===== TASK INPUTS
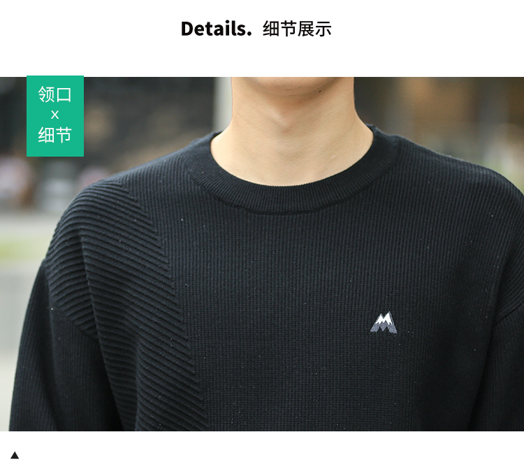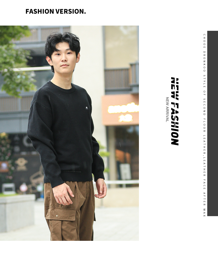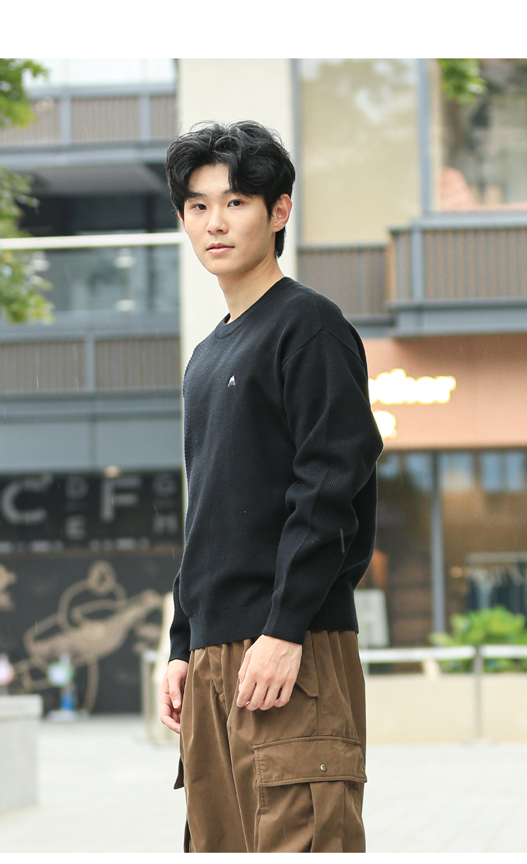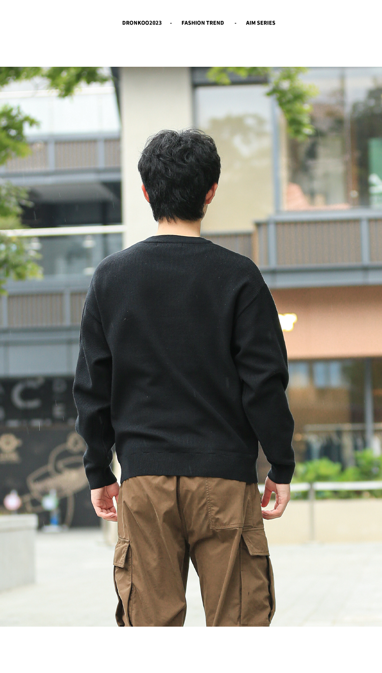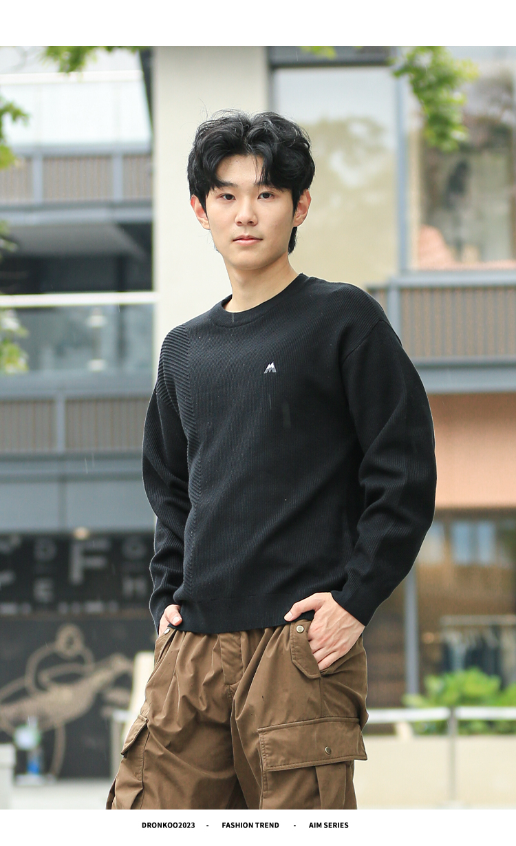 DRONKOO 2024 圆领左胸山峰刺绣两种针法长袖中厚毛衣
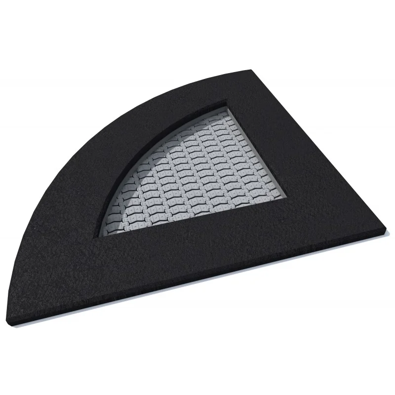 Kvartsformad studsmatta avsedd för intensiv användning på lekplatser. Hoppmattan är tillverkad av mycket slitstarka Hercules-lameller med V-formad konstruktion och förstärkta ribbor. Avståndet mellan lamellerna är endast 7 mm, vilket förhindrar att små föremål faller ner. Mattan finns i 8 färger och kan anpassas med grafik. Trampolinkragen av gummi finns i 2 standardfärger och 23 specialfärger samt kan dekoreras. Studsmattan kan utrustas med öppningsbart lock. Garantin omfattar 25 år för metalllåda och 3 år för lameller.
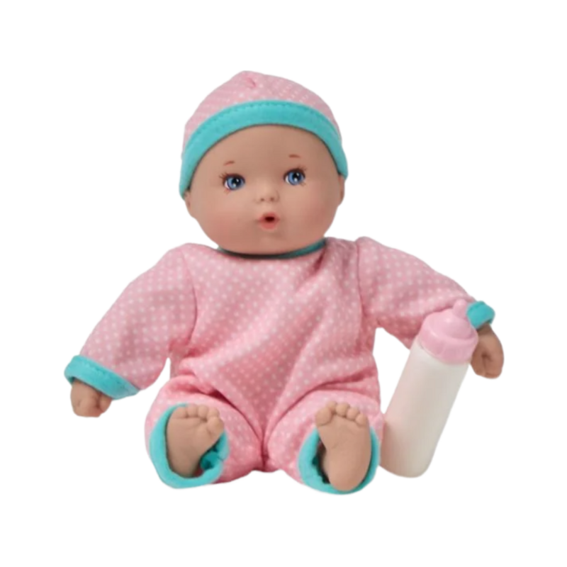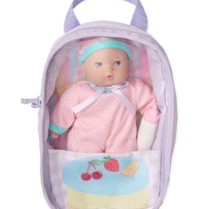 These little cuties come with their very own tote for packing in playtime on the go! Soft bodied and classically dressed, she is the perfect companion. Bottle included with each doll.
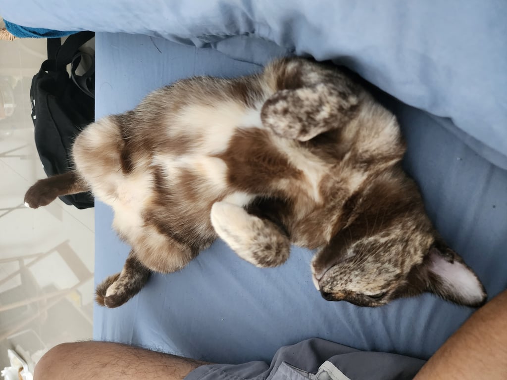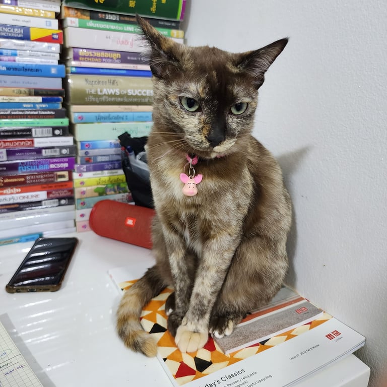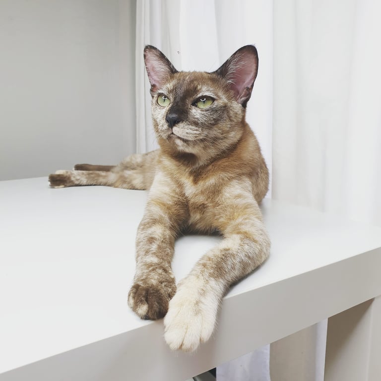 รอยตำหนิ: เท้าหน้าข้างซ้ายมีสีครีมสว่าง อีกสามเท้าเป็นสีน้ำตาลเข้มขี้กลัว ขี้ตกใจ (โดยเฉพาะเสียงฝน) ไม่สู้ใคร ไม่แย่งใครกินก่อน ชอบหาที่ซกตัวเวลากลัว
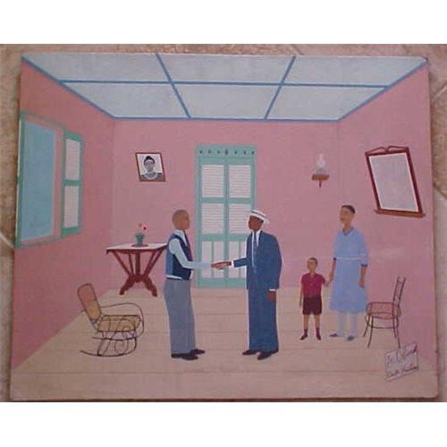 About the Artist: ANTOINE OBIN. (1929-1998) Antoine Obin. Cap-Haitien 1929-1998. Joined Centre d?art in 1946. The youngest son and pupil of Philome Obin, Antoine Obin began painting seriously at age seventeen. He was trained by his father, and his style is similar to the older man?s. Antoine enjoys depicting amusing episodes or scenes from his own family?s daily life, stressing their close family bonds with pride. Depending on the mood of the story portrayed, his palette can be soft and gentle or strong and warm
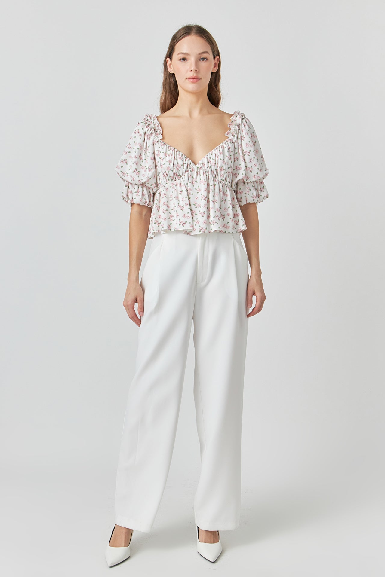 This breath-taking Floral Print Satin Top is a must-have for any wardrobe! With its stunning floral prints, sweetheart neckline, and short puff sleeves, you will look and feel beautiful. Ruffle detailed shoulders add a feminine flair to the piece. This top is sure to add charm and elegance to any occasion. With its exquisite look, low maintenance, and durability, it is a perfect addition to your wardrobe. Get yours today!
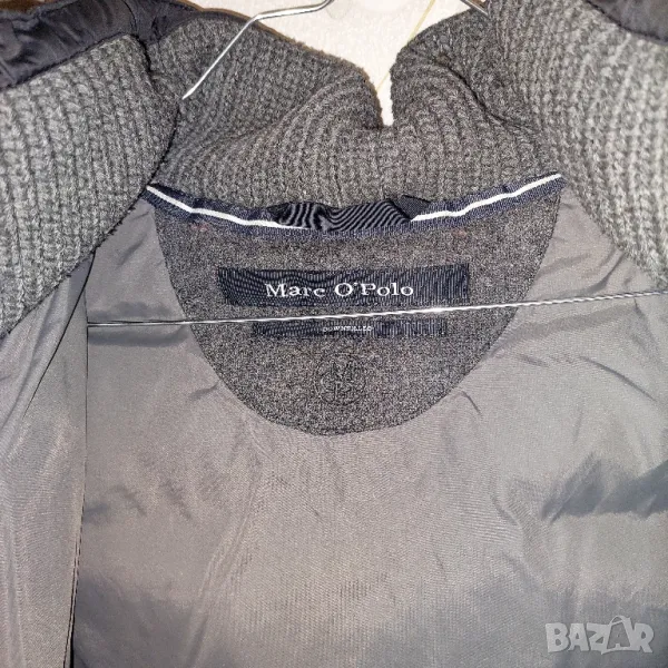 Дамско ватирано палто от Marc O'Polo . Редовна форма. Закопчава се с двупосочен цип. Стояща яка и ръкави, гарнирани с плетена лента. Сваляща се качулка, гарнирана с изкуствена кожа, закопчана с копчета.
==========
— TASK GOAL —
Please set down each entry word for word, without its images.

— ANSWER BOX —
 DRONKOO 2024 圆领左胸山峰刺绣两种针法长袖中厚毛衣
 Kvartsformad studsmatta avsedd för intensiv användning på lekplatser. Hoppmattan är tillverkad av mycket slitstarka Hercules-lameller med V-formad konstruktion och förstärkta ribbor. Avståndet mellan lamellerna är endast 7 mm, vilket förhindrar att små föremål faller ner. Mattan finns i 8 färger och kan anpassas med grafik. Trampolinkragen av gummi finns i 2 standardfärger och 23 specialfärger samt kan dekoreras. Studsmattan kan utrustas med öppningsbart lock. Garantin omfattar 25 år för metalllåda och 3 år för lameller.
 These little cuties come with their very own tote for packing in playtime on the go! Soft bodied and classically dressed, she is the perfect companion. Bottle included with each doll.
 รอยตำหนิ: เท้าหน้าข้างซ้ายมีสีครีมสว่าง อีกสามเท้าเป็นสีน้ำตาลเข้มขี้กลัว ขี้ตกใจ (โดยเฉพาะเสียงฝน) ไม่สู้ใคร ไม่แย่งใครกินก่อน ชอบหาที่ซกตัวเวลากลัว
 About the Artist: ANTOINE OBIN. (1929-1998) Antoine Obin. Cap-Haitien 1929-1998. Joined Centre d?art in 1946. The youngest son and pupil of Philome Obin, Antoine Obin began painting seriously at age seventeen. He was trained by his father, and his style is similar to the older man?s. Antoine enjoys depicting amusing episodes or scenes from his own family?s daily life, stressing their close family bonds with pride. Depending on the mood of the story portrayed, his palette can be soft and gentle or strong and warm
 This breath-taking Floral Print Satin Top is a must-have for any wardrobe! With its stunning floral prints, sweetheart neckline, and short puff sleeves, you will look and feel beautiful. Ruffle detailed shoulders add a feminine flair to the piece. This top is sure to add charm and elegance to any occasion. With its exquisite look, low maintenance, and durability, it is a perfect addition to your wardrobe. Get yours today!
 Дамско ватирано палто от Marc O'Polo . Редовна форма. Закопчава се с двупосочен цип. Стояща яка и ръкави, гарнирани с плетена лента. Сваляща се качулка, гарнирана с изкуствена кожа, закопчана с копчета.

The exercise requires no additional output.